> Problem to work on:
From top to bottom, print the listing word for word and skip any pictures it contains.

> Provided material:
======
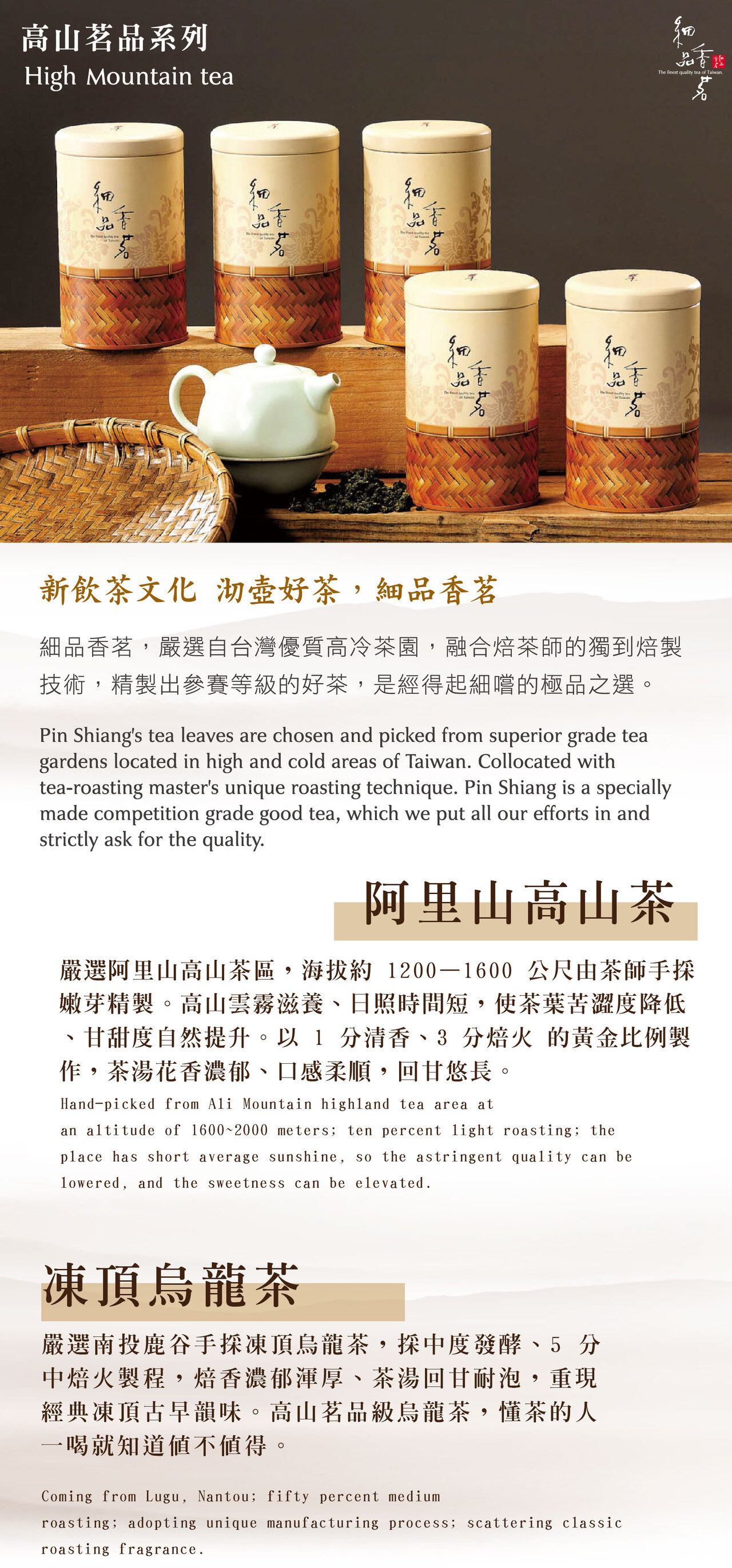 手採阿里山高山茶區,海拔約1200~1600公尺,1分清香、3分焙火,平均日照短,使茶樹芽葉苦澀成分降低,也提升甘甜味,有著濃郁花香。
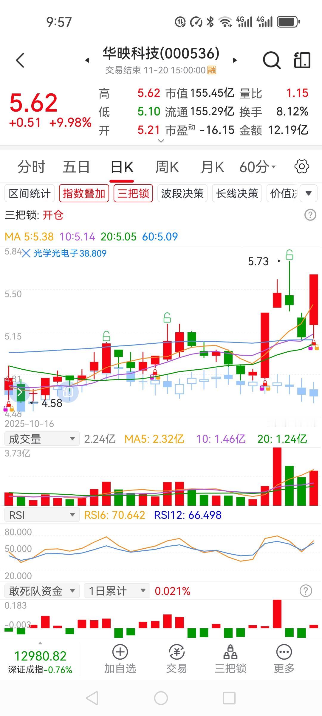 今天我有两只股票涨停,太出乎我的意料了。 实达集团我在上次涨停板4.09时当天卖出,第二天就低开下跌,我又在3.9元的时候买回,有点着急买早了,最低跌到3.7,经过11天的调整,今天很意外的涨停了,难道有什么好消息吗? 华映科技我是17号5.45买的,当时计划第二天上涨就卖出,打个短线。可是第二天开盘不久就涨了6个多点,心想是不是能涨停,就没有卖出,结果在你犹豫的时候就掉头向下,再也没有反弹,反而被套了,三天的调整今天涨停了,让我感到非常意外。 航天电子今天我把昨天买的T了出去,10.7想接回来,没有成交,明天继续在10.7以下挂单买入。其他的股票还是绿的,就持股不动。 这次不知道会不会一日游,感觉已经冲过压力位了,还有可能继续上涨,但愿梦想成真吧!有对这两只股票了解的可以给点建议,谢谢!个人分享炒股心得,不存在推荐,股市有风险,投资需谨慎。 实达集团 华映科技
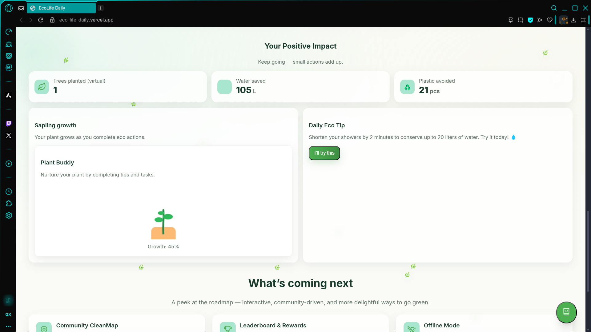 - 🌿 PlantBuddy that grows with your eco-impact
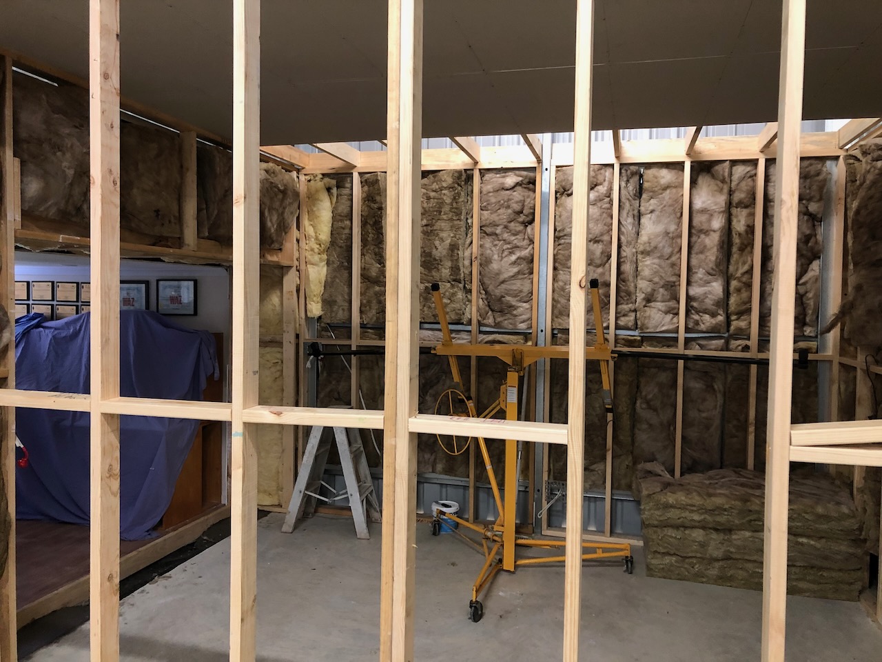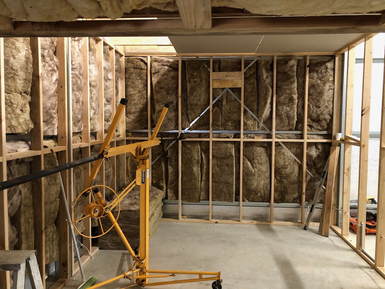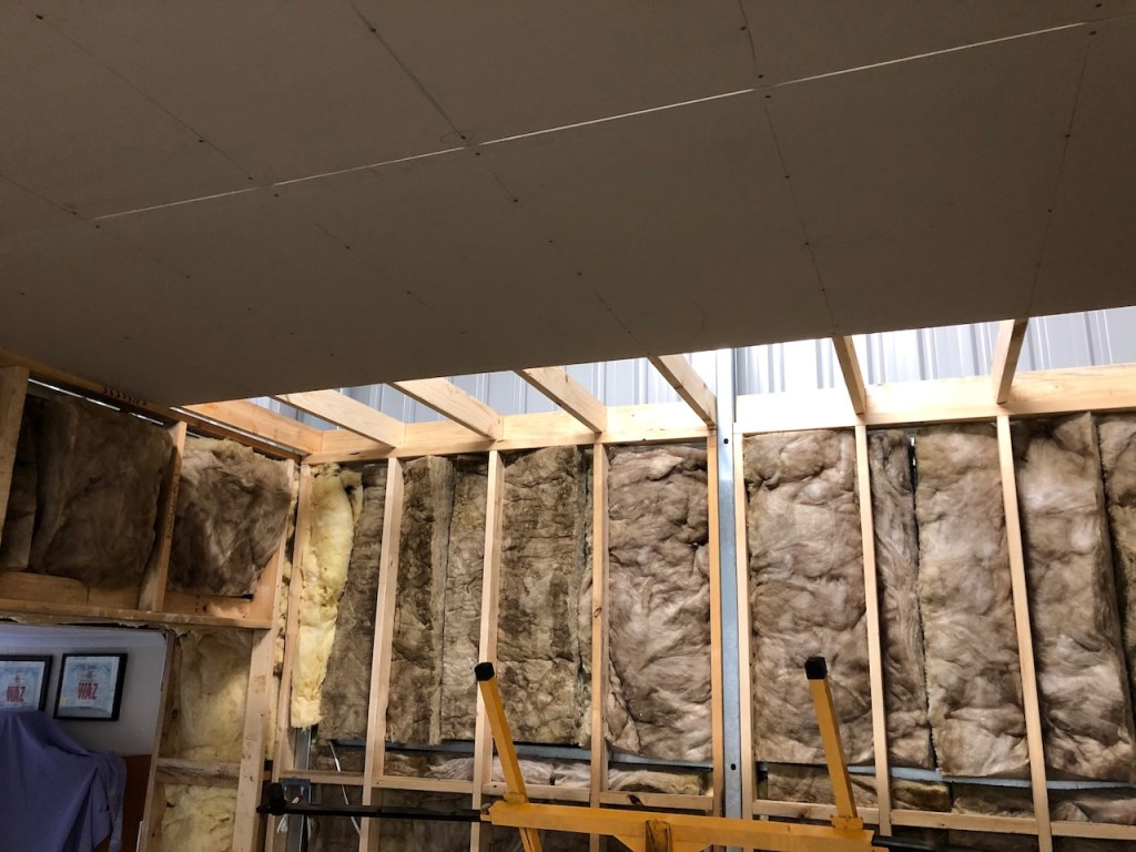 The electrician has been to install the wiring. The insulation has been added, and two ceiling panels have been installed.
======
> Exercise answer:
 手採阿里山高山茶區,海拔約1200~1600公尺,1分清香、3分焙火,平均日照短,使茶樹芽葉苦澀成分降低,也提升甘甜味,有著濃郁花香。
 今天我有两只股票涨停,太出乎我的意料了。 实达集团我在上次涨停板4.09时当天卖出,第二天就低开下跌,我又在3.9元的时候买回,有点着急买早了,最低跌到3.7,经过11天的调整,今天很意外的涨停了,难道有什么好消息吗? 华映科技我是17号5.45买的,当时计划第二天上涨就卖出,打个短线。可是第二天开盘不久就涨了6个多点,心想是不是能涨停,就没有卖出,结果在你犹豫的时候就掉头向下,再也没有反弹,反而被套了,三天的调整今天涨停了,让我感到非常意外。 航天电子今天我把昨天买的T了出去,10.7想接回来,没有成交,明天继续在10.7以下挂单买入。其他的股票还是绿的,就持股不动。 这次不知道会不会一日游,感觉已经冲过压力位了,还有可能继续上涨,但愿梦想成真吧!有对这两只股票了解的可以给点建议,谢谢!个人分享炒股心得,不存在推荐,股市有风险,投资需谨慎。 实达集团 华映科技
 - 🌿 PlantBuddy that grows with your eco-impact
 The electrician has been to install the wiring. The insulation has been added, and two ceiling panels have been installed.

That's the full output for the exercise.